The only two cases of extreme chronic anaemia are highlighted (in bold). EPO, erythropoietin; F, female; FFP, fresh frozen plasma; Hb, haemoglobin; IVIG, intravenous immunoglobulin; M, male; NB, new-born; PRES, posterior reversible encephalopathy syndrome; RBC, red blood cells; RCVS, reversible cerebral vasoconstriction syndrome; y, years.

In the absence of haemorrhagic shock, the standard therapy in these patients was treatment with a restrictive transfusion strategy, supporting haemodynamic and symptom stability, as transfusion complications such as ischaemic stroke, reversible cerebral vasoconstriction syndrome and hyperhaemolysis can occur.
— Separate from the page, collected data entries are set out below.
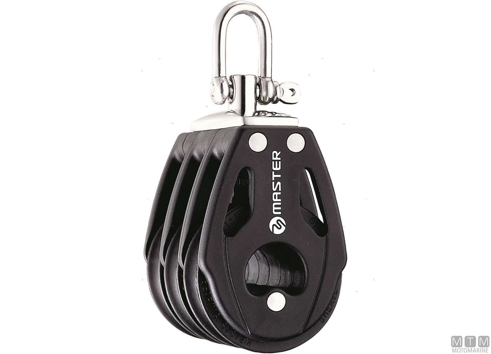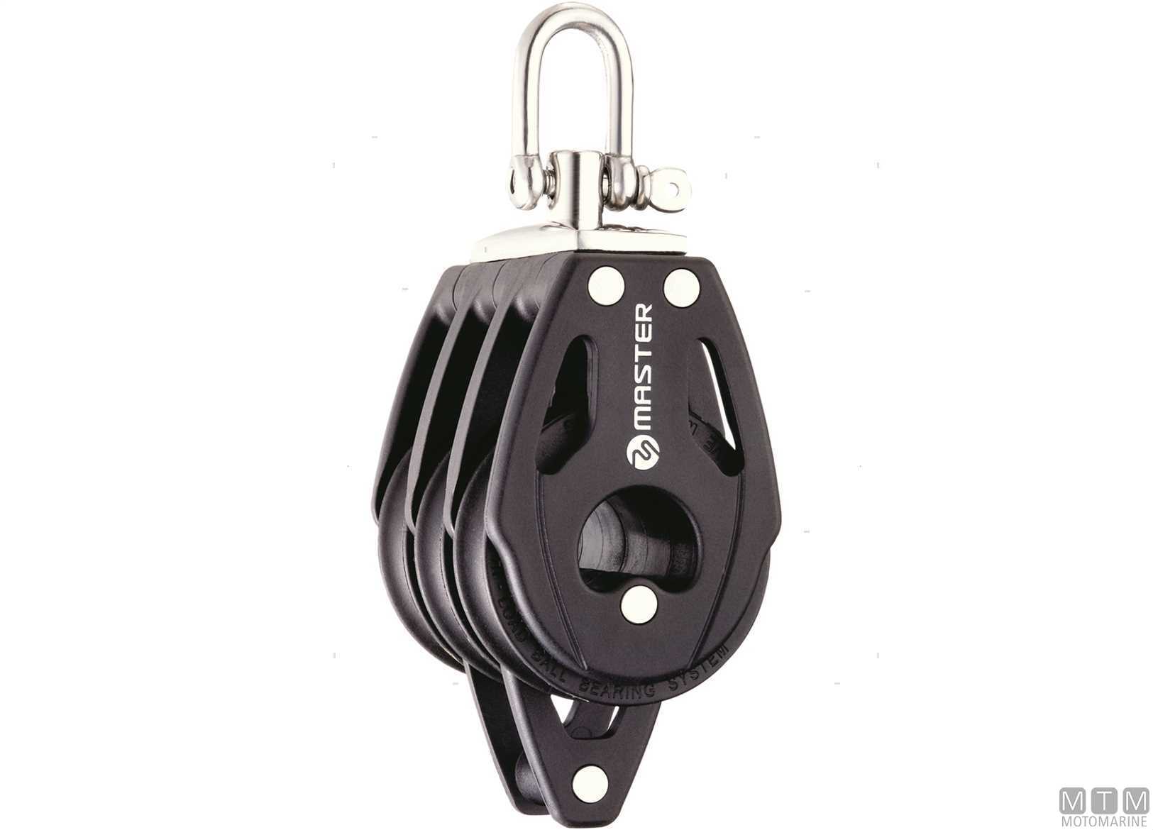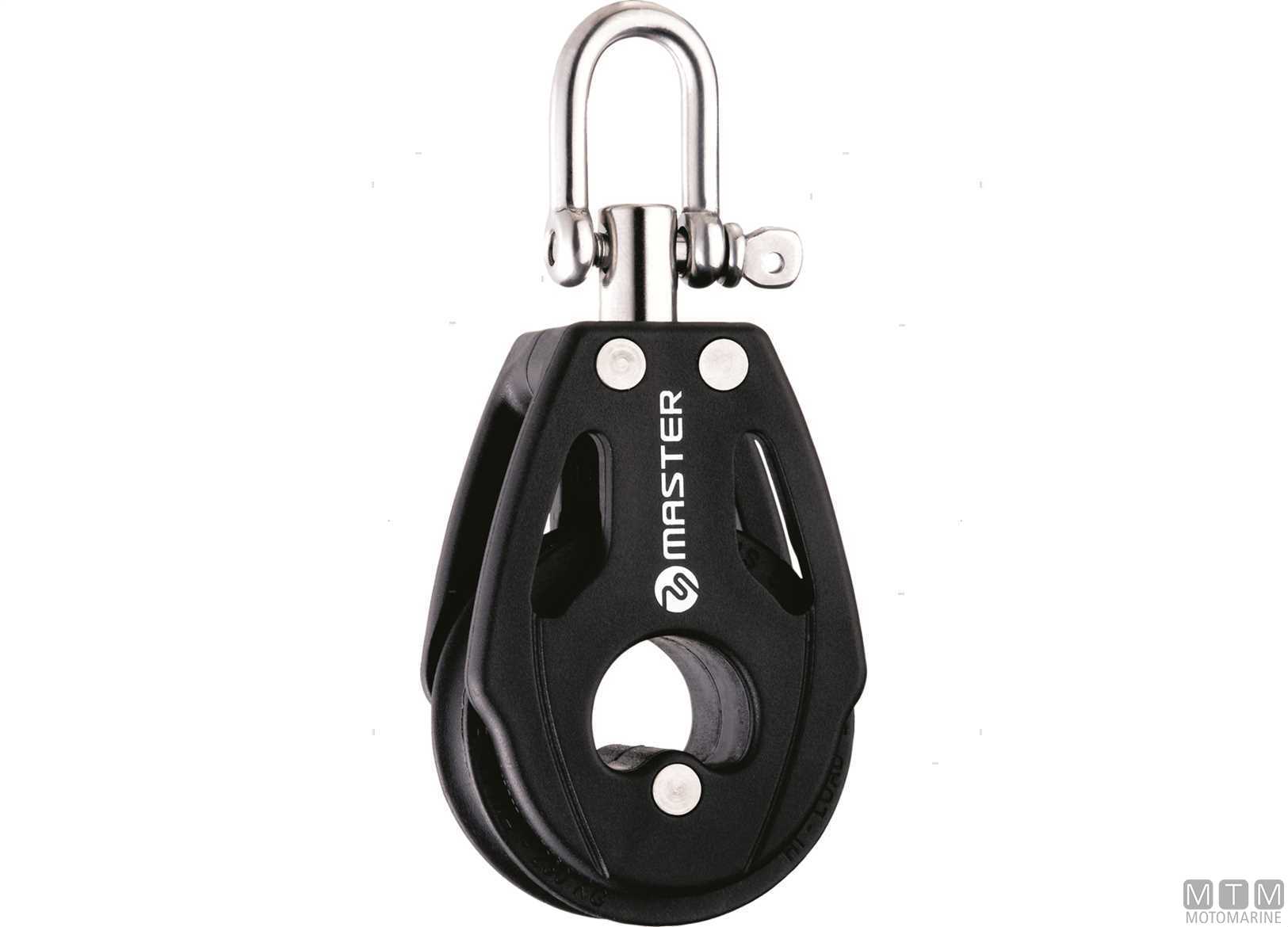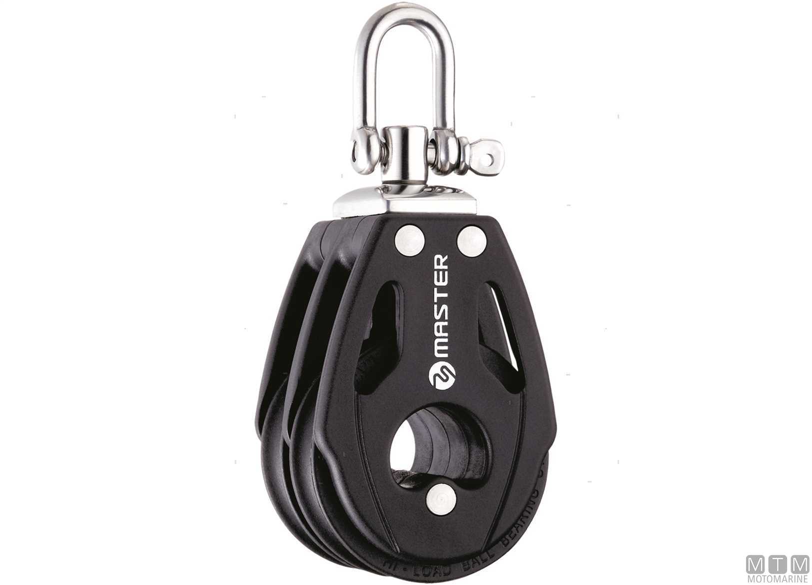 Bozzelli Master su sfere con puleggia da 75 mm. Cassa in materiale composito ultra leggero rinforzato con fibra e UV resistente. Il grillo girevole può essere bloccato in due posizioni grazie alla leva di blocco. Sfere ad alto scorrimento in Delrin stabilizzato UV. ↵NB. Il carico di lavoro/rottura dei bozzelli con strozza scotte sono relativi allo strozza scotte.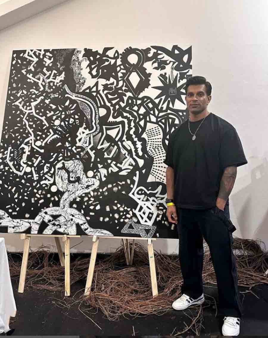 Karan poses with one of his artworks at an exhibition. ‘My depiction is based on my understanding of the state of flow or the flow state. Artists, musicians, athletes, martial artists sometimes either find themselves or work towards and achieve this state of being. It’s a state of being where movement precedes thought, where your body or being moves in a certain way before you think of it,’ Karan described his process of creating art. Elated wife Bipasha Basu cheered him with the comment, ‘Creator of beauty. So proud of you.’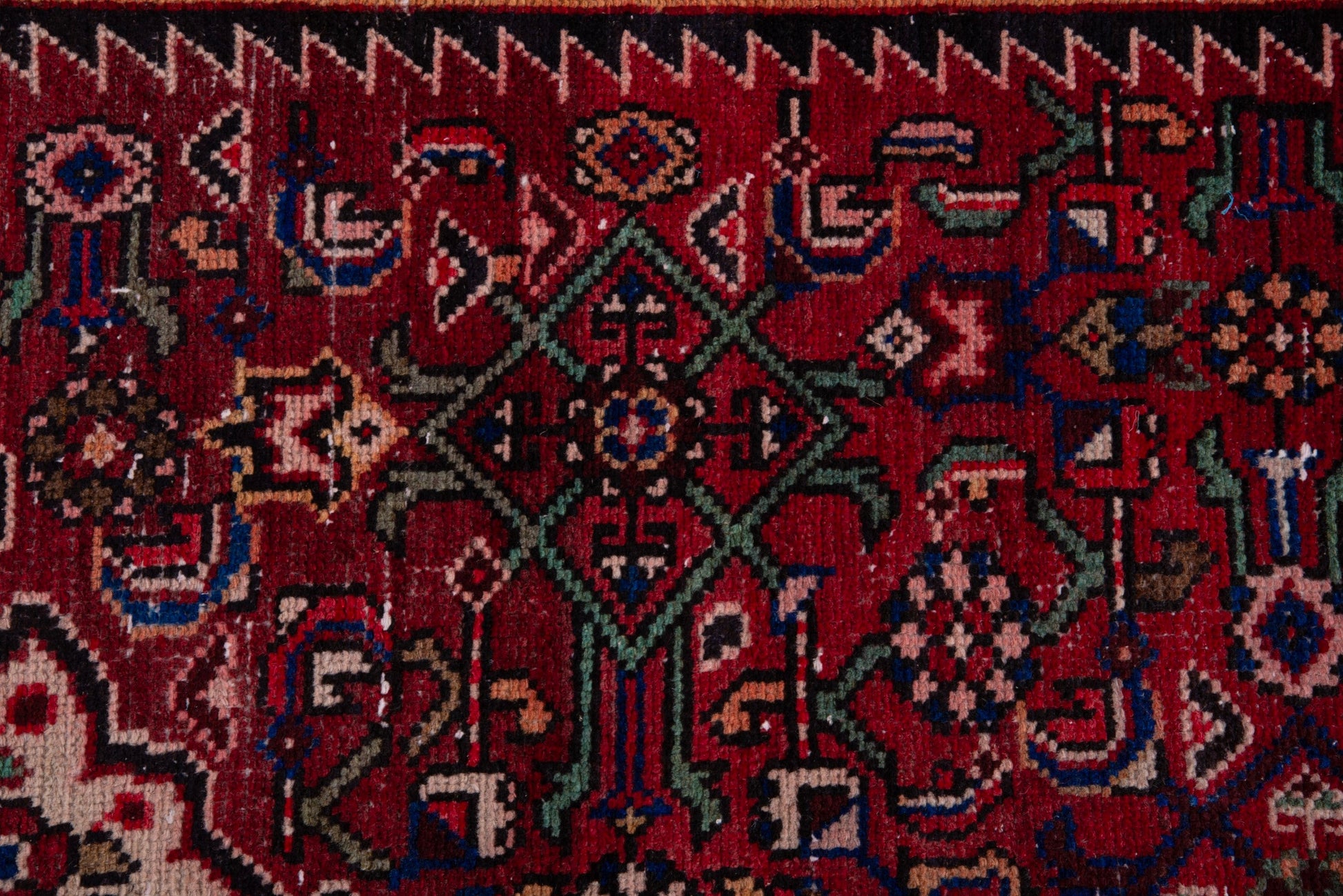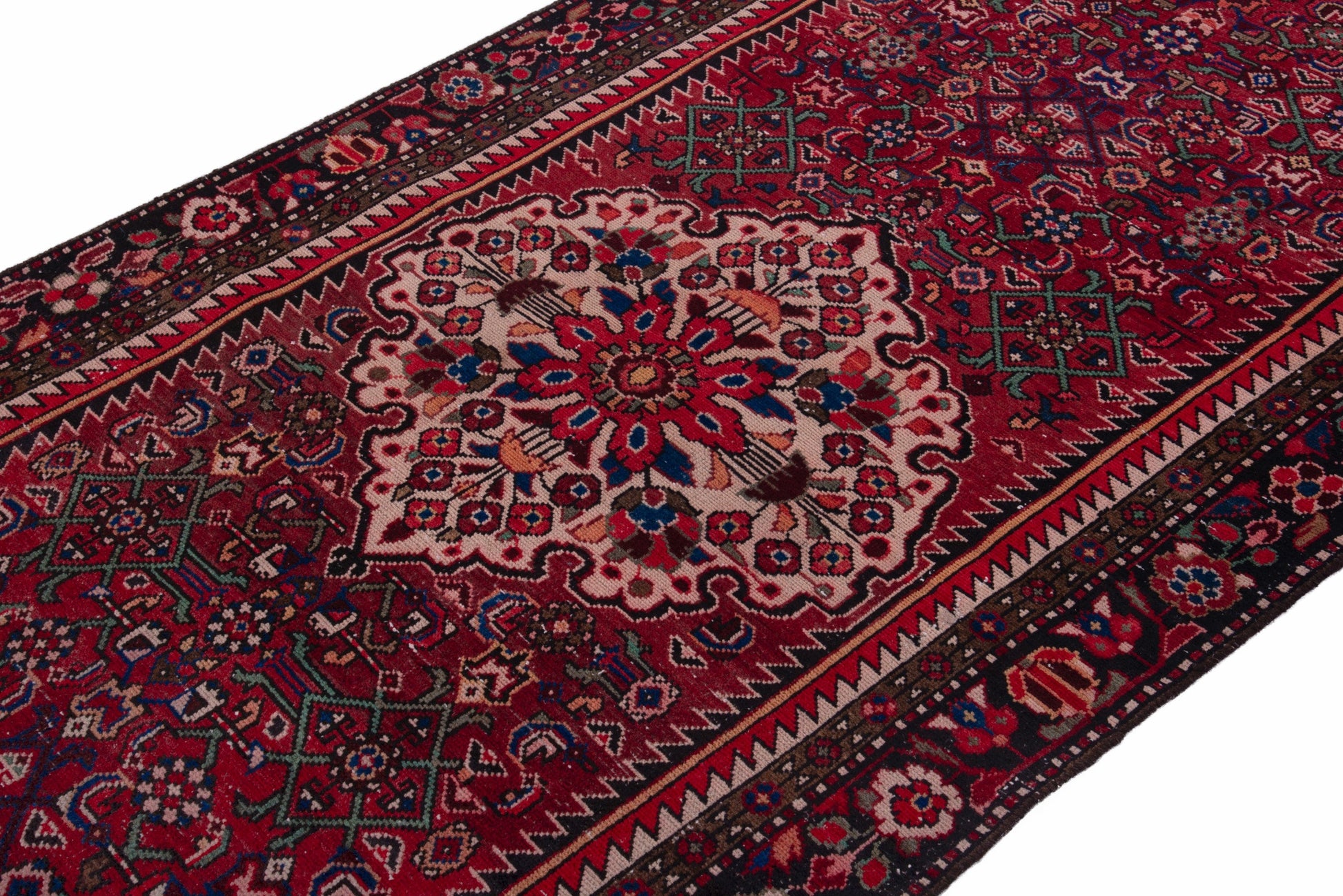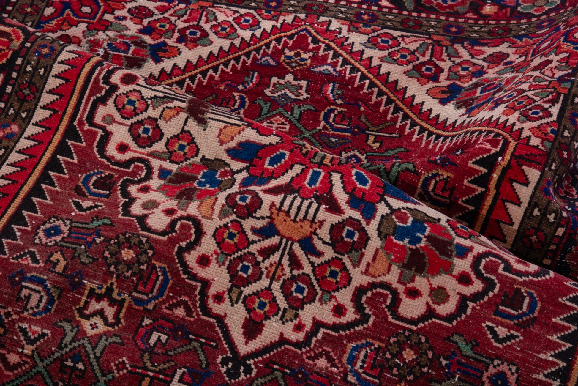 All the rugs we sell are professionally washed and cleaned; age-related wear and natural inconsistencies are inherent in these unique, handcrafted vintage rugs.

This is similar to the treatment provided to our patient, who recovered without any sequelae or complications.

CONCLUSION

Reports of patients with extreme anaemia (Hb <2 g/dl) are now very rare after the advent of blood transfusion medicine in the second half of the 20th century, along with wider access to better healthcare, improved management of critical situations and bleeding control, the implementation of enteral and parenteral supplementation with iron, folate and vitamin B12, and active anaemia screening in the general population.

As reported anecdotally in the literature, this type of severe anaemia only seems to be possible if there is slow progressive depletion of vitamin B12 stores in the absence of adequate nutrition. Adherence to treatment and medical advice is essential in patients who will also require life-long follow-up.

Footnotes

Conflicts of Interests: The Authors declare that there are no competing interests.